My work involving big data and new measures focuses on developing an integrated, consistent, and validated tool set to support theory-driven research.

Patent Citations

(Kuhn, Younge, and Marco 2016, working paper)

This project applies novel patent-to-patent similarity data (described below) to examine the information content of patent citations. Existing measures of innovation often rely on patent citations to indicate intellectual lineage and impact. We show that the data generating process for patent citations has changed substantially since citation-based measures were validated a decade ago.

Today, far more citations are created per patent, and the mean technological similarity between citing and cited patents has fallen significantly. These changes suggest that the use of patent citations for scholarship needs to be re-validated. We propose a basic correction and show that methods for sub-setting and/or weighting informative citations can substantially improve the predictive power of patent citation measures.

This project is joint work with Kenneth Younge, who holds the Chair of Technology and Innovation Strategy at EPFL, and Alan Marco, the Chief Economist of the United States Patent and Trademark Office. I presented this paper at the Searle Center Conference on Innovation Economics and the Academy of Management Annual Meeting. It was also presented at the Munich Summer Institute. We plan to make the data available for public use.

Patent-to-Patent Similarity

(Younge and Kuhn 2015, working paper, data access)

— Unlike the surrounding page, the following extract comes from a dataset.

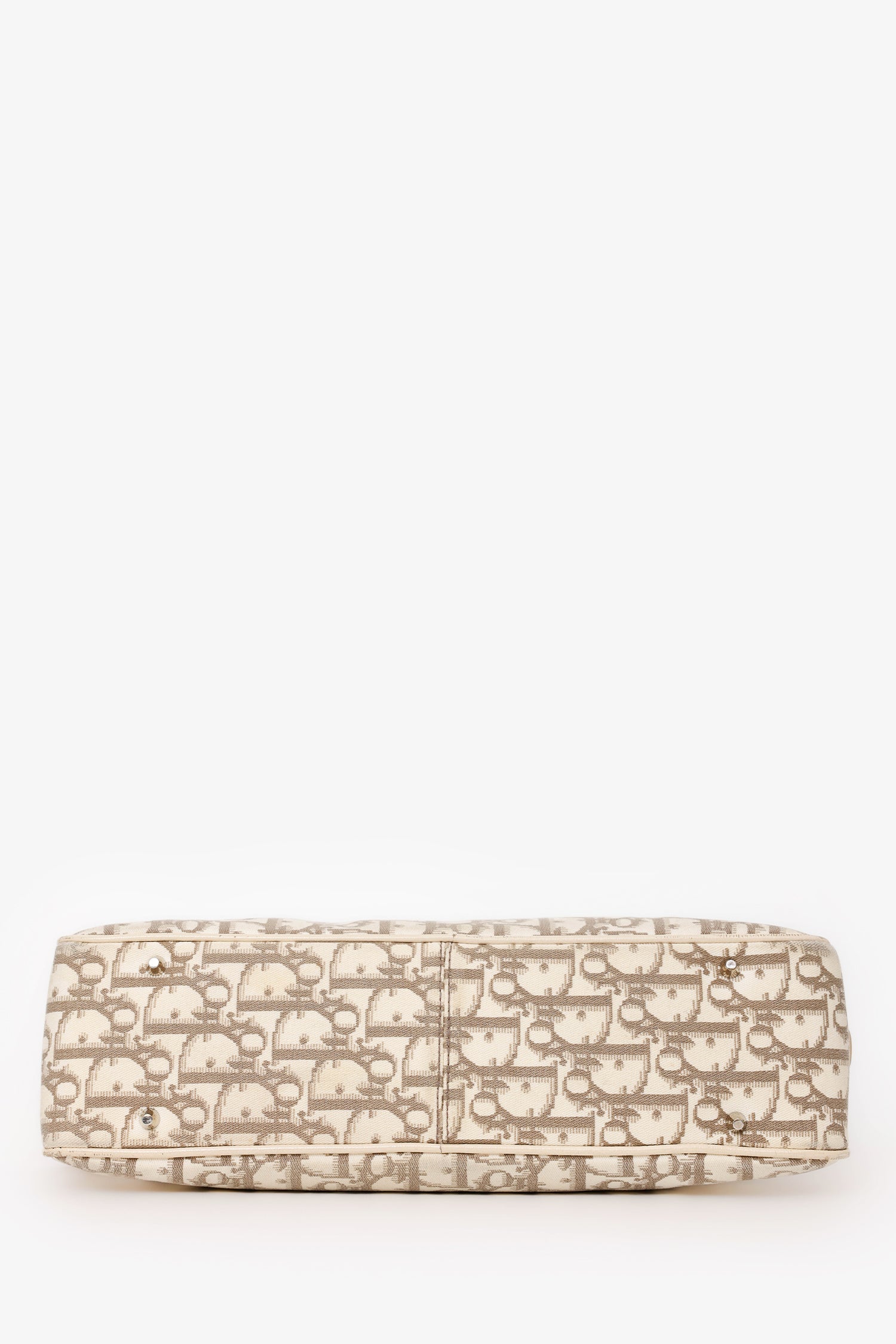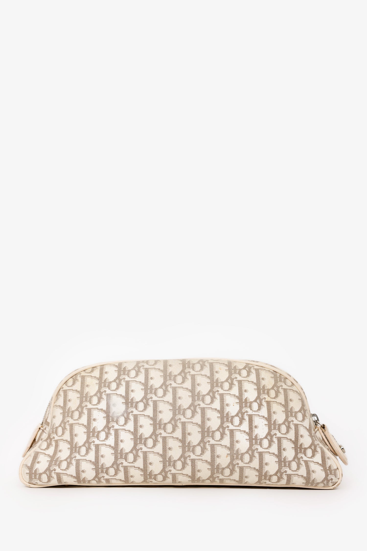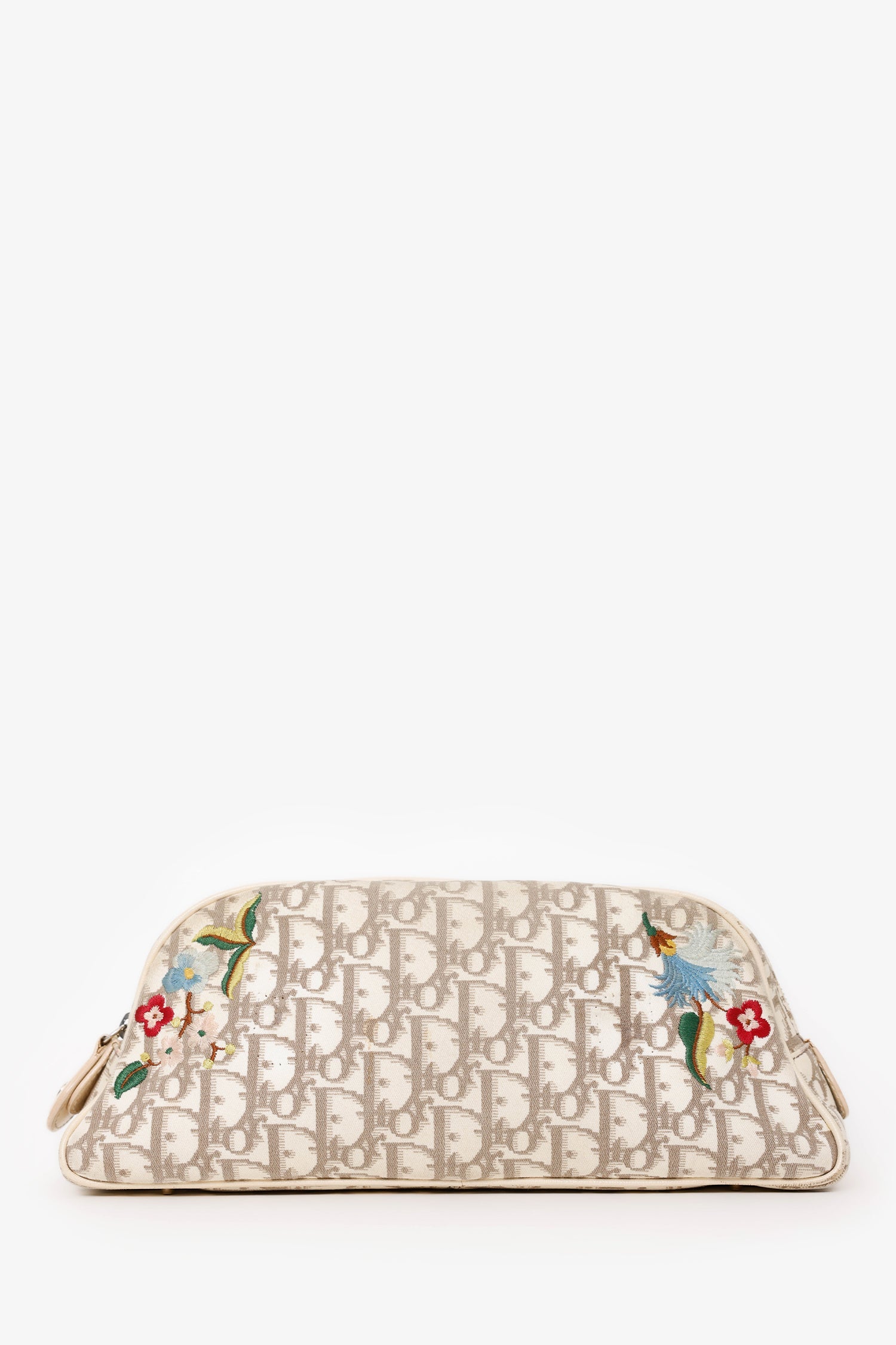 Christian Dior 2005 Beige/Cream Canvas Floral Embroidered Oblique Pouch

Concepts of technological space, distance, and relatedness are central to the study of invention and innovation. Empirical studies of technological space generally rely on manual classification of patents by the patent office or the linking of patents through prior art citations. In this project, we demonstrate that these approaches are simply too coarse or too biased for many of the comparisons or groupings required for academic research. We introduce a new, continuous measure of technological similarity based on a vector space model.

We apply the model to calculate the pairwise similarity for more than 14 trillion pairs of patents. We validate the measure and demonstrate that it can provide greater accuracy, specificity, and generality than existing approaches for many common research questions. Moreover, we illustrate how a pairwise similarity comparison of any and every two patents in the USPTO patent space can open new avenues of research in economics, management, and public policy.

This project is also joint work with Kenneth Younge. I have presented this paper at the USPTO Visiting Speaker Series, the Academy of Management Annual Meeting, and SKEMA Business School (Sophia Antipolis). It was also presented at the DRUID Academy Conference 2016.

Other Patent Data

In addition to the projects described above, I have developed several patent data sets that I apply across different projects.

  • Patent rejections: Most patent applications are initially rejected at the patent office. The patent applicant typically responds by narrowing the claims to a scope acceptable to the patent examiner. The patent examiner rejects a claim based on one or more prior art references. Patent citations represent the set of references that the examiner considered, but existing data sets do not identify the specific citations used to reject the patent and shape the claims. I identified these references by using tens of thousands of computers in the cloud to apply optical character recognition (OCR) algorithms to more than 50 million pages of patent office correspondence. I use this rejection data in several papers including (Kuhn and Younge 2016, working paper) and (Thompson and Kuhn 2016, working paper).
  • Patent assignments: When a patent is sold, the buyer records the transfer at the patent office as an assignment document. However, these documents identify the buyer and seller by a self-provided name rather than a unique identifier. I disambiguate these records for all assignments to uniquely identifier buyers and sellers for all patents, including transfers both before and after a patent has issued. I use this patent assignment data to investigate the role of patents in the market for ideas.
  • Bibliographic patent data: I parse and integrate data from a variety of sources to create a unified database of bibliographic patent data. This databases includes dates, identifiers, citations, maintenance fee payments, examination records, priority relationships, and many other fields. I apply this data across many of my empirical projects.